By default, AutoML will run the series of data checks in `DefaultDataChecks` when `automl.search()` is called to check that inputs are valid before running the search and fitting pipelines. Currently, `DefaultDataChecks` contains a data check to check if a column is more 95% or more null, since that likely indicates a column with no or minimal useful information.

If the data checks returns any error or warning messages, `automl.search()` will raise a `ValueError` and quit before searching. This allows users to address any issues before running the potentially time-intensive search process.
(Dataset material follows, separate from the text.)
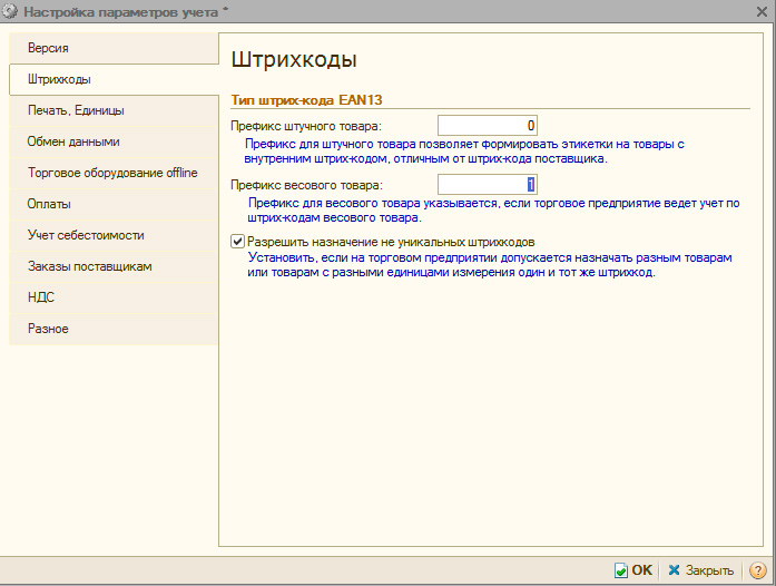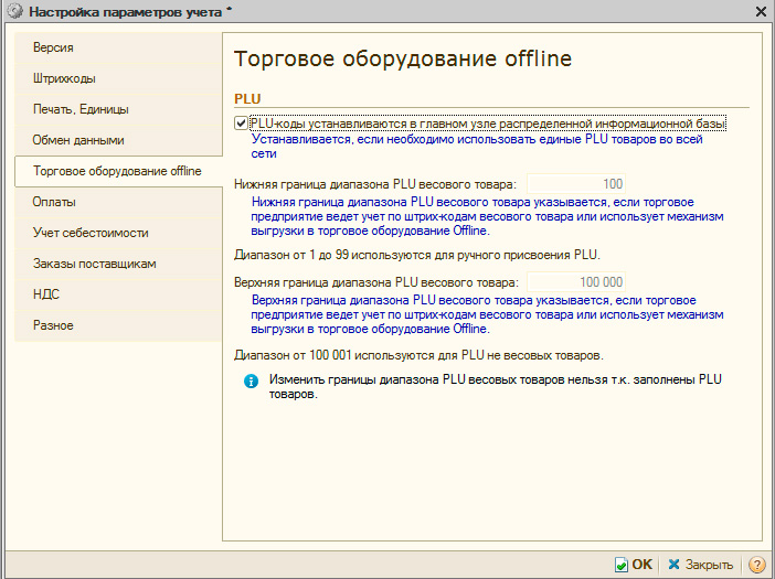По принятым в рознице правилам признаком собственного (внутреннего штрих-кода) является первая цифра 2, следовательно, столкнувшись с кодом, начинающимся на 21 товароучетное ПО понимает, что перед ним весовой товар и обрабатывает его по особым правилам. Прежде всего следует определить номенклатуру, для этой цели предназначен PLU-код, это 3-6 значное число произвольно присваиваемое весовым товарам. Диапазон PLU-кодов также указывается в настройках и изменить его можно только до того, как заведена первая весовая номенклатура.

For example, here we have some data that contain a lot of null values, causing `DefaultDataChecks` to raise a `ValueError` when try to run the search below.

In [None]:
import pandas as pd
X = pd.DataFrame({'lots_of_null': [None] * 19 + [5],
                     'no_null': range(20)})
y = pd.Series([1,0]*10)
automl = evalml.AutoClassificationSearch(max_pipelines=1)
automl.search(X, y)

In [None]:
pd.Series([1,0]*10)


To access the exact warning and error messages our data checks returned, we can access `automl.latest_data_check_results`.

In [None]:
for message in automl.latest_data_check_results:
    print (message.message)

## Using your own data check with AutoML

If you'd prefer to pass in your own data check, you can do so by passing in a `DataChecks` object as the value for the `data_checks`.

In [None]:

from evalml.data_checks import DataCheck, DataChecks
from evalml.data_checks.data_check_message import DataCheckWarning

class ZeroVarianceDataCheck(DataCheck):
    def validate(self, X, y):
        if not isinstance(X, pd.DataFrame):
            X = pd.DataFrame(X)
        warning_msg = "Column '{}' has zero variance"
        return [DataCheckWarning(warning_msg.format(column), self.name) for column in X.columns if len(X[column].unique()) == 1]
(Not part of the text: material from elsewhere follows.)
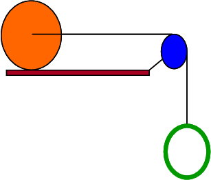 An green hoop with mass mh = 2.4 kg and radius R = 0.14 m hangs from a string that goes over a blue solid disk pulley with mass md = 2.3 kg and radius Rd= 0.08 m. The other end of the string is attached to a massless axel through the center of an orange sphere on a flat horizontal surface that rolls without slipping and has mass ms = 3.7 kg and radius Rs = 0.23 m. The system is released from rest.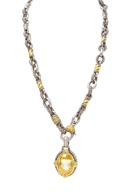 A Sterling Silver, 18 Karat Yellow Gold, Canary Quartz and Diamond 'Two' Pendant/Necklace, Judith Ripka, 45.50 dwts.

data_checks = DataChecks(data_checks=[ZeroVarianceDataCheck()])

X = pd.DataFrame({'no_var': [1, 1, 1, 1, 1, 1, 1, 1, 1, 1],
                  'any_average_col': [2, 0, 1, 2, 1, 2, 0, 1, 2, 1],
                  'another_average_col': [0, 1, 2, 3, 4, 5, 6, 7, 8, 9]})
y = pd.Series([0,1,1,0,0,0,1,1,0,0])

automl = evalml.AutoClassificationSearch(max_pipelines=1)
automl.search(X, y, data_checks=data_checks)


Accessing the `latest_data_check_results` will help us begin to address the issues raised by data checks.

In [None]:
for message in automl.latest_data_check_results:
    print (message.message)

## Disabling Data Checks

If you'd prefer not to run any data checks before running search, you can provide an `EmptyDataChecks` instance to `search()` instead.

In [None]:
from evalml.data_checks import EmptyDataChecks
import pandas as pd

automl = evalml.AutoClassificationSearch(max_pipelines=1)
automl.search(X, y, data_checks=EmptyDataChecks())

Unlike above, no data checks will be run and hence, the same input data we used above will not raise an error and continue with the search process.